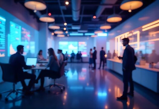 Generative AI captures blurred corporate office with glowing data displays
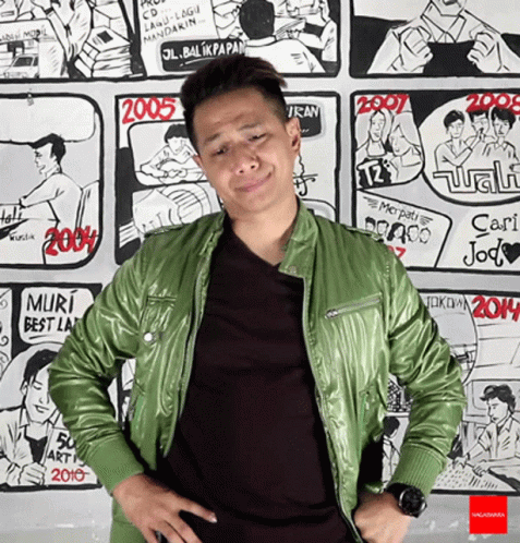 Delon shrugs with an 'Hmm Gak Tahu' expression in front of a comic art wall, wearing a shiny green jacket.
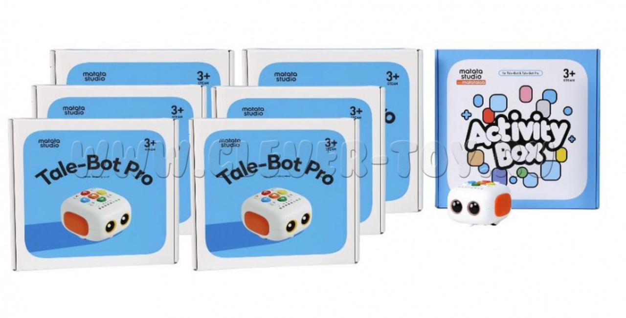 Комплект состоит из 6 роботов MatatalabTale-Bot и набора тематических карт, и стикеров.
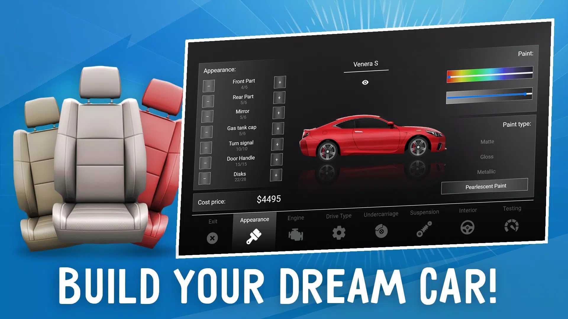 1、在游戏里,玩家能够自由地定制与调配不同的车辆外观以及内部装饰。
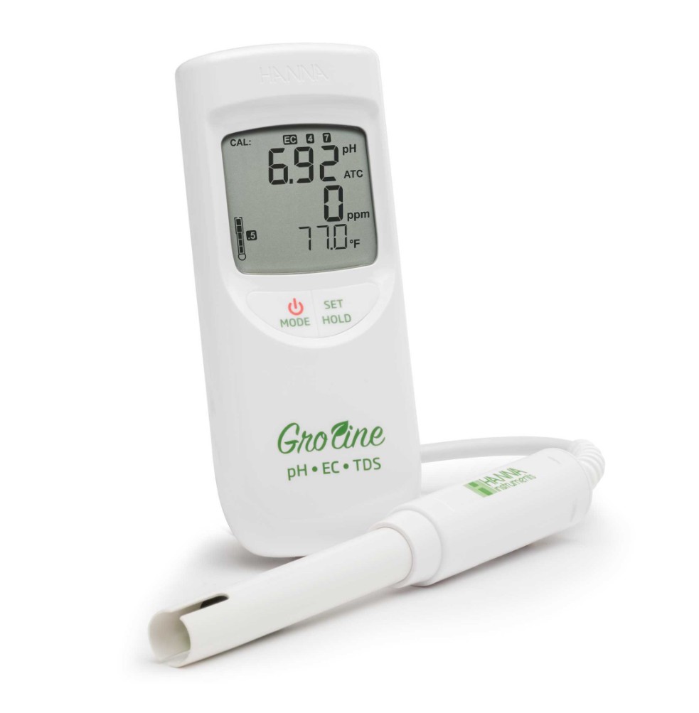 HI9814可以测量酸度pH,电导率,总固体溶解度和温度,所有的操作和设置仅通过两个按钮即可完成,包括校准和温度范围设定。主机外壳式防水设计,IP67防水等级。
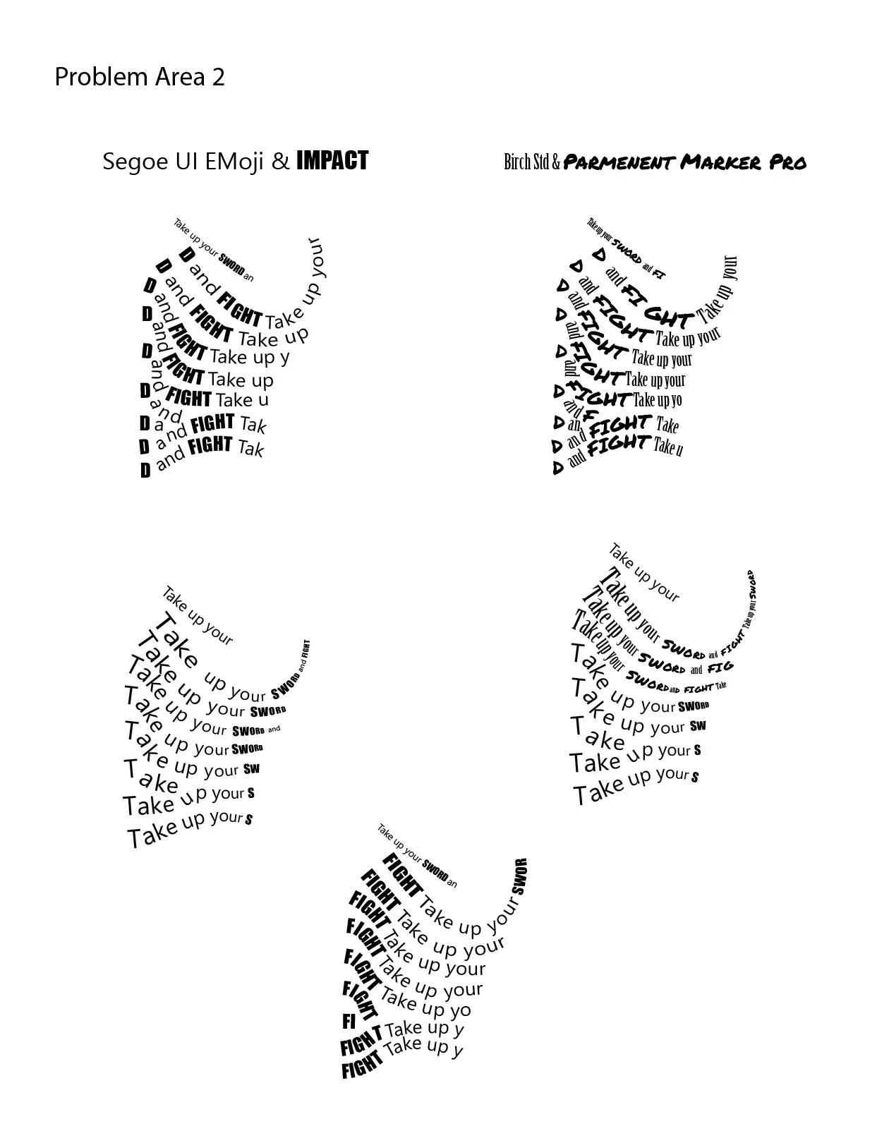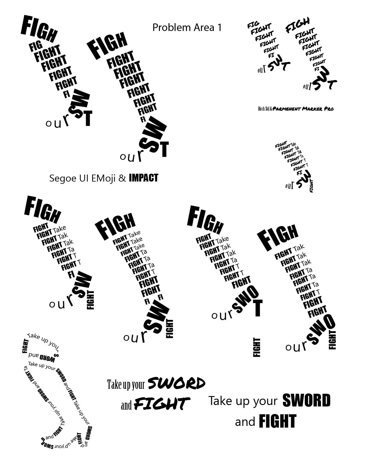 When I figured out on paper how I wanted to set up my type figure, I then moved on to working on the computer. I took two areas I know would give me more trouble then others and began experimenting again. I tried different type fonts, different type sizes, and more, putting them together to see what best expressed the form I was wanting. It took some work, but I got to a place I was very happy with.
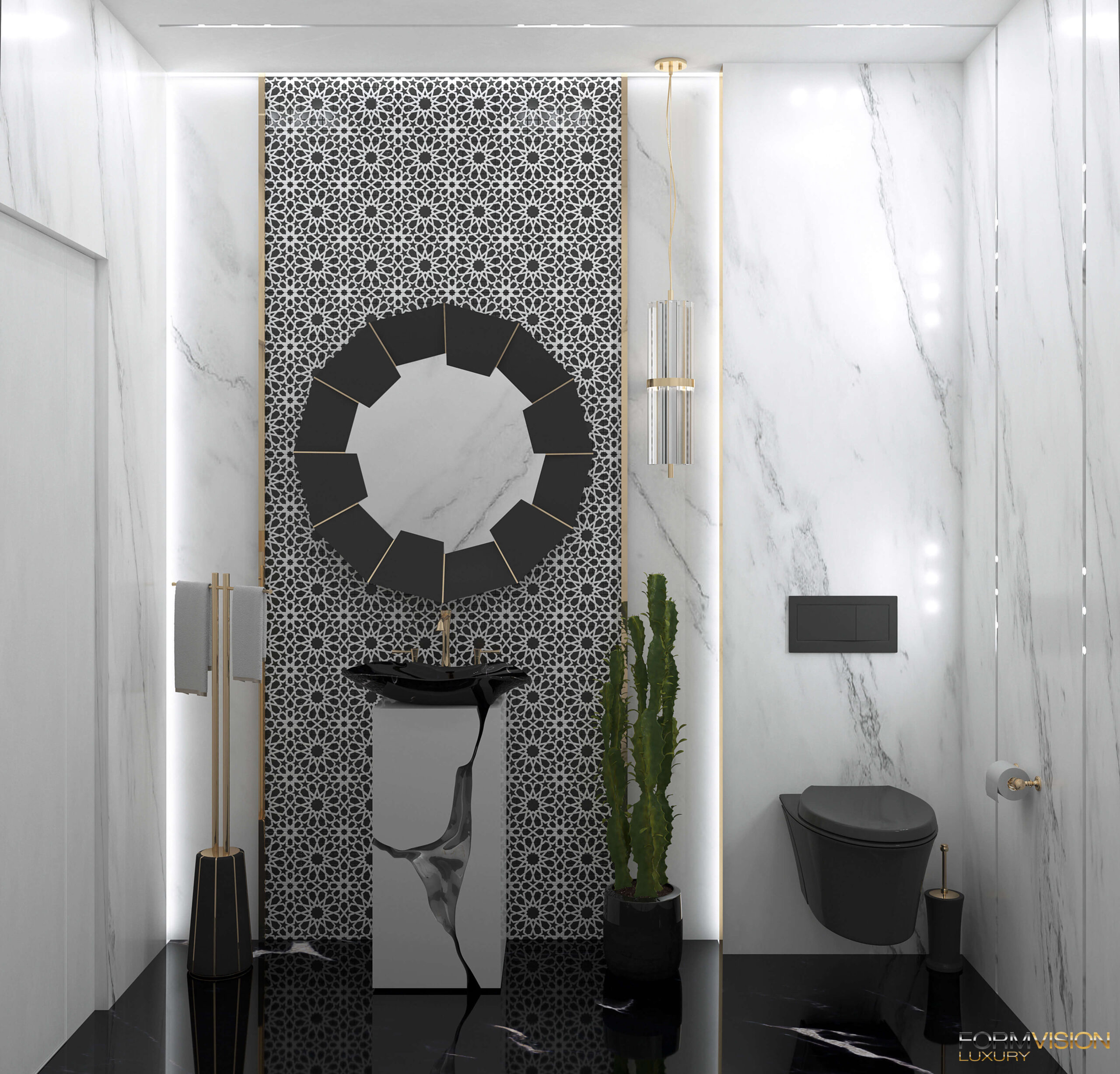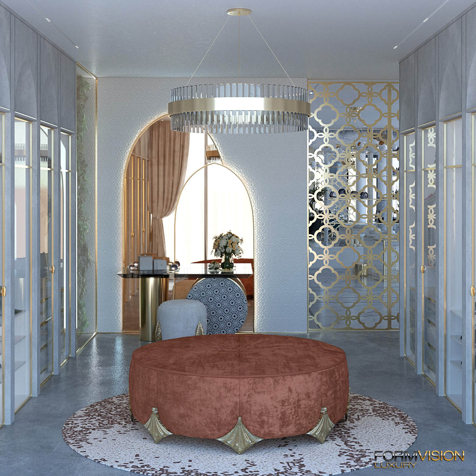 The Islamic arches in the living room serve not only as geometric décor but also as symbols of knowledge, hard work, and progress, turning the space into a cultural and educational base. Golden details enhance the luxury and modernity of the traditionally rich style, while Delightful Lamps, Coleccion Alexandra, and Boca do Lobo furniture create an ethereal atmosphere reminiscent of the tales of ‘Arabian Nights’.
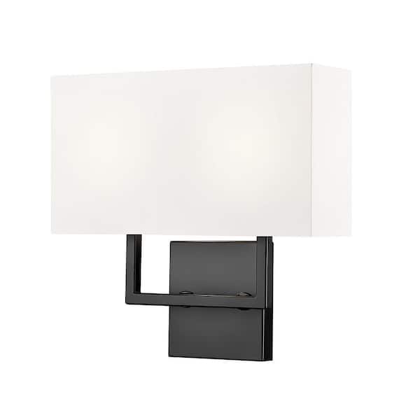 Saxon 12 inch Matte Black 2 Light Wall Sconce with White Fabric Shade
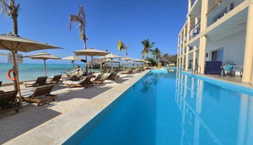 Reef & Beach Resort – Spa Jambiani: A Tranquil Beachfront Escape in Zanzibar Beachfront Paradise: Nestled along the pristine white sands of Jambiani Beach, Reef & Beach Resort – Spa Jambiani offers breathtaking views of the Indian Ocean. The resort features a private jetty extending into the sea, where guests can unwind at the lounge and bar while enjoying ocean breezes and sunset views. Comfortable Accommodations: The spacious, air-conditioned rooms are decorated with traditional Zanzibar-style furnishings and equipped with modern comforts including an electric kettle and private ensuite bathroom with a shower. Many rooms feature ocean or garden views, creating a serene tropical ambiance. Relaxation & Wellness: Guests can lounge by the pool, sunbathe on the beach, or indulge in soothing spa treatments and massages designed for relaxation and rejuvenation. Dining Experience: The resort’s restaurant serves a delightful mix of African, Indian, and fresh seafood cuisine, prepared with local ingredients. Guests can also enjoy drinks at the jetty bar, offering panoramic sea views. Convenient Location: Ideally located just 7 km from Jambiani village and 32 km from Jozani Forest, the resort is 60 km from Stone Town and 62 km from Zanzibar International Airport, making it easily accessible while maintaining a peaceful coastal setting. Family-Friendly Retreat: Families particularly love the resort’s beachfront location, relaxing atmosphere, and welcoming staff — they rated it 8.7 for a stay with kids. Reef & Beach Resort – Spa Jambiani is the perfect choice for travelers seeking relaxation, culture, and coastal charm in the heart of Zanzibar’s tropical paradise.
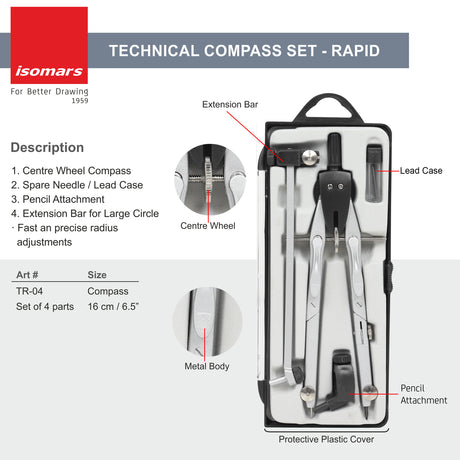 Isomars Teacher's Blackboard/Whiteboard Compass | Divider With Marker/Chalk Holder
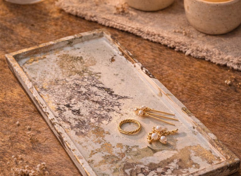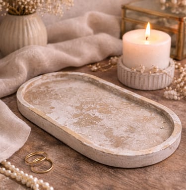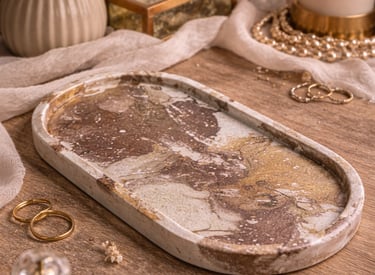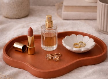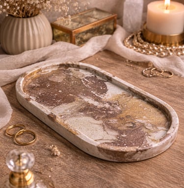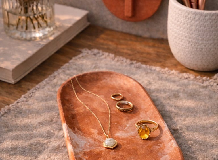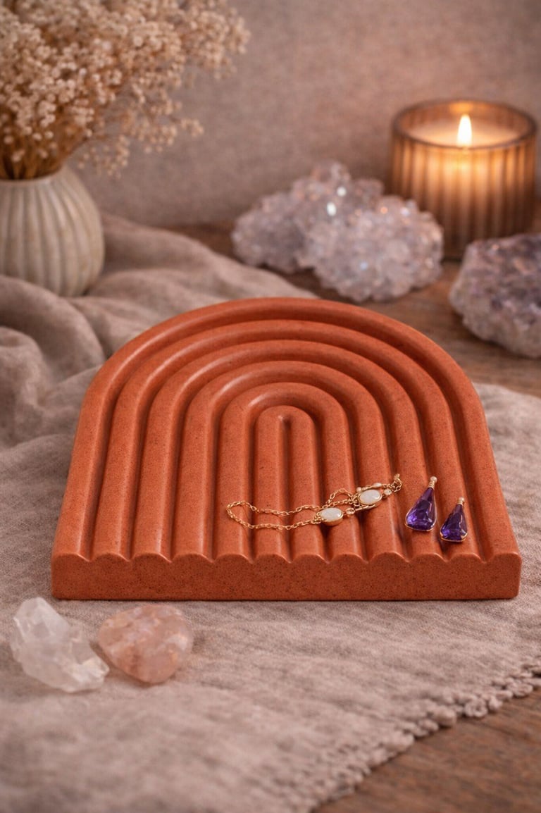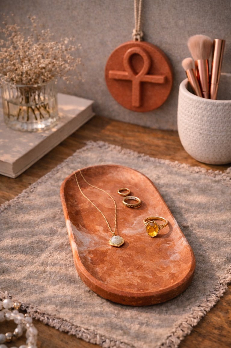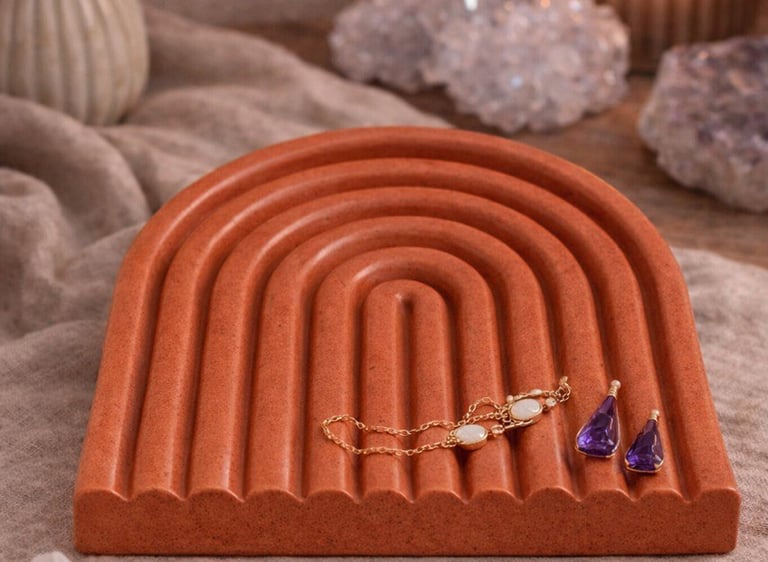 Aqui você encontra: bases, bandejas, porta-objetos, porta-joias em tons terrosos.
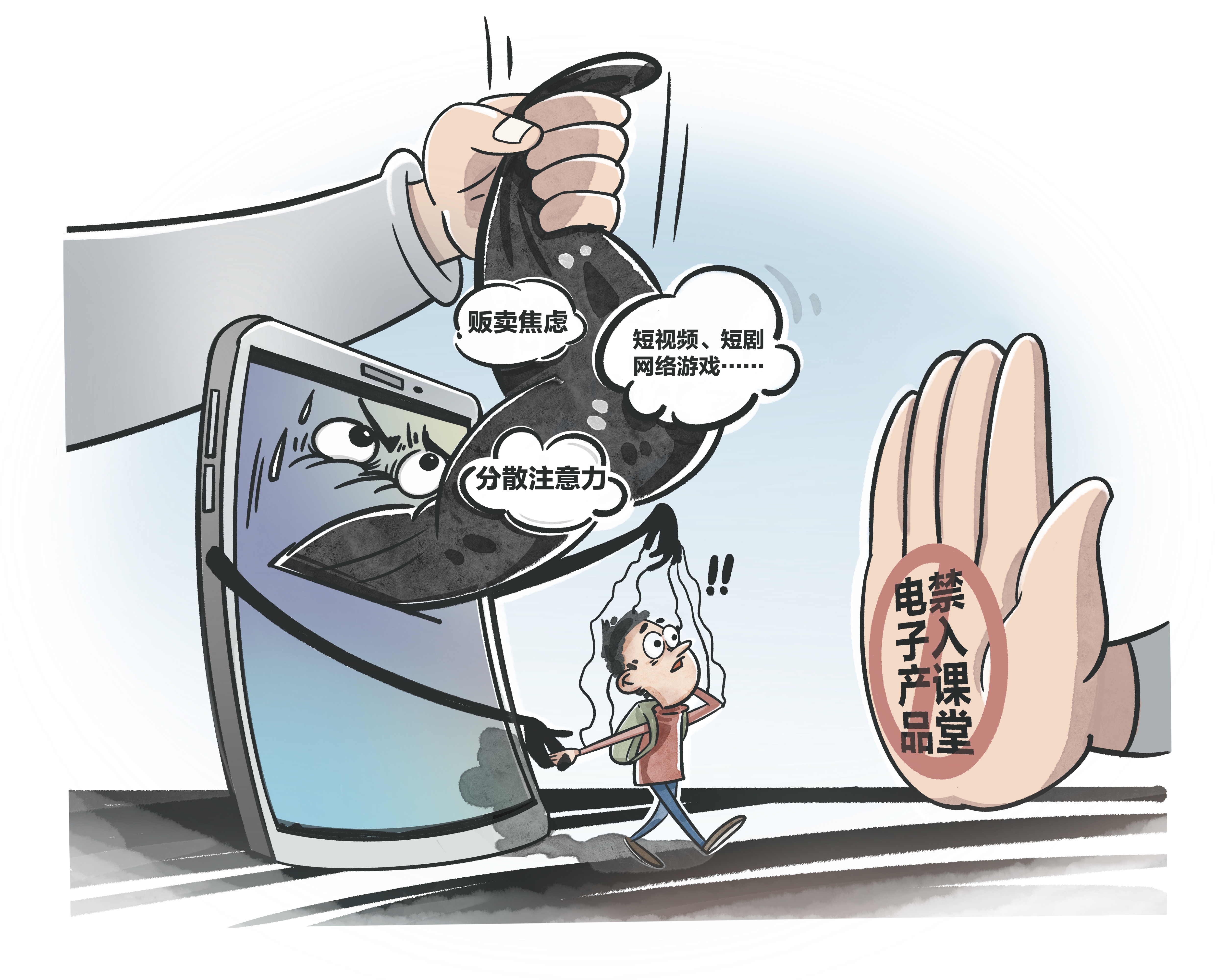 智能手机深刻改变了人们的生活工作方式,也帮助未成年人打开了网络新世界。但对于心智尚未发展健全的中小学生来说,在最应该沉迷学习的年龄,很可能被互联网的花花世界所吸引,进而沉迷其中、不能自拔,结果可能是荒废学业,影响身心健康。

Problem: The pictures alone are to be left out when the data above is copied; all else must match exactly.

Result of the task:
 Generative AI captures blurred corporate office with glowing data displays
 Delon shrugs with an 'Hmm Gak Tahu' expression in front of a comic art wall, wearing a shiny green jacket.
 Комплект состоит из 6 роботов MatatalabTale-Bot и набора тематических карт, и стикеров.
 1、在游戏里,玩家能够自由地定制与调配不同的车辆外观以及内部装饰。
 HI9814可以测量酸度pH,电导率,总固体溶解度和温度,所有的操作和设置仅通过两个按钮即可完成,包括校准和温度范围设定。主机外壳式防水设计,IP67防水等级。
 When I figured out on paper how I wanted to set up my type figure, I then moved on to working on the computer. I took two areas I know would give me more trouble then others and began experimenting again. I tried different type fonts, different type sizes, and more, putting them together to see what best expressed the form I was wanting. It took some work, but I got to a place I was very happy with.
 The Islamic arches in the living room serve not only as geometric décor but also as symbols of knowledge, hard work, and progress, turning the space into a cultural and educational base. Golden details enhance the luxury and modernity of the traditionally rich style, while Delightful Lamps, Coleccion Alexandra, and Boca do Lobo furniture create an ethereal atmosphere reminiscent of the tales of ‘Arabian Nights’.
 Saxon 12 inch Matte Black 2 Light Wall Sconce with White Fabric Shade
 Reef & Beach Resort – Spa Jambiani: A Tranquil Beachfront Escape in Zanzibar Beachfront Paradise: Nestled along the pristine white sands of Jambiani Beach, Reef & Beach Resort – Spa Jambiani offers breathtaking views of the Indian Ocean. The resort features a private jetty extending into the sea, where guests can unwind at the lounge and bar while enjoying ocean breezes and sunset views. Comfortable Accommodations: The spacious, air-conditioned rooms are decorated with traditional Zanzibar-style furnishings and equipped with modern comforts including an electric kettle and private ensuite bathroom with a shower. Many rooms feature ocean or garden views, creating a serene tropical ambiance. Relaxation & Wellness: Guests can lounge by the pool, sunbathe on the beach, or indulge in soothing spa treatments and massages designed for relaxation and rejuvenation. Dining Experience: The resort’s restaurant serves a delightful mix of African, Indian, and fresh seafood cuisine, prepared with local ingredients. Guests can also enjoy drinks at the jetty bar, offering panoramic sea views. Convenient Location: Ideally located just 7 km from Jambiani village and 32 km from Jozani Forest, the resort is 60 km from Stone Town and 62 km from Zanzibar International Airport, making it easily accessible while maintaining a peaceful coastal setting. Family-Friendly Retreat: Families particularly love the resort’s beachfront location, relaxing atmosphere, and welcoming staff — they rated it 8.7 for a stay with kids. Reef & Beach Resort – Spa Jambiani is the perfect choice for travelers seeking relaxation, culture, and coastal charm in the heart of Zanzibar’s tropical paradise.
 Isomars Teacher's Blackboard/Whiteboard Compass | Divider With Marker/Chalk Holder
 Aqui você encontra: bases, bandejas, porta-objetos, porta-joias em tons terrosos.
 智能手机深刻改变了人们的生活工作方式,也帮助未成年人打开了网络新世界。但对于心智尚未发展健全的中小学生来说,在最应该沉迷学习的年龄,很可能被互联网的花花世界所吸引,进而沉迷其中、不能自拔,结果可能是荒废学业,影响身心健康。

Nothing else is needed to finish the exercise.